Problem statement: Your response to the data below should hold nothing except the lines from the one containing "最有特色的是湄公河上的水上市" down to the one containing "To see the Change", reproduced exactly and without pictures.

Data for analysis:
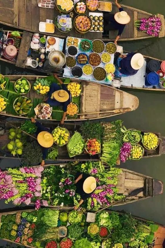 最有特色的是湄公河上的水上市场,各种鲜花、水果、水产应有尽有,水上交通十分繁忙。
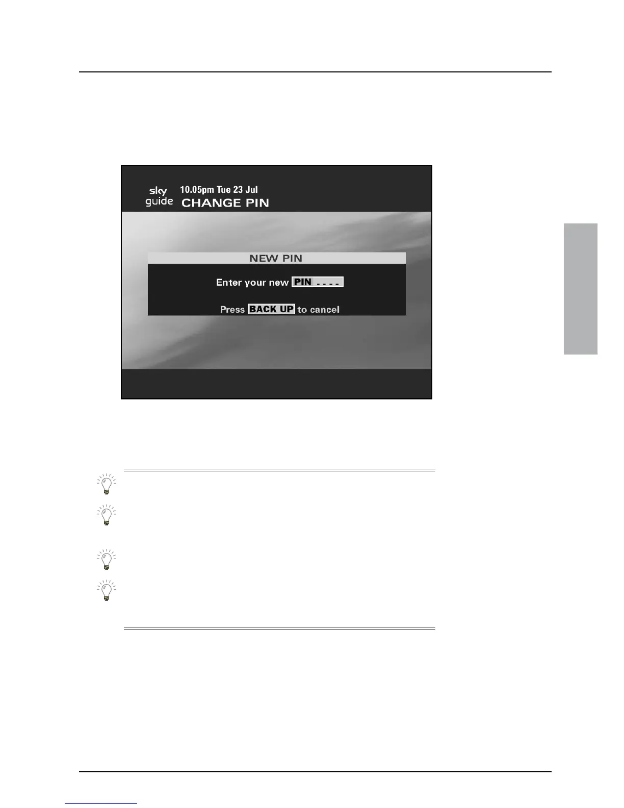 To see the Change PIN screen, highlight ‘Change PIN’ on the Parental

==

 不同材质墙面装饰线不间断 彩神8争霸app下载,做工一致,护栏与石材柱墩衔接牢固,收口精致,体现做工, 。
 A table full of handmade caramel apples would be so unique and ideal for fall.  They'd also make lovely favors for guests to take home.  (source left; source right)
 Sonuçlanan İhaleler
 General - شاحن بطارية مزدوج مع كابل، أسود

...

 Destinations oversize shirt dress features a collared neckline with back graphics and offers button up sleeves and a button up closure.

Reply:
 最有特色的是湄公河上的水上市场,各种鲜花、水果、水产应有尽有,水上交通十分繁忙。
 To see the Change PIN screen, highlight ‘Change PIN’ on the Parental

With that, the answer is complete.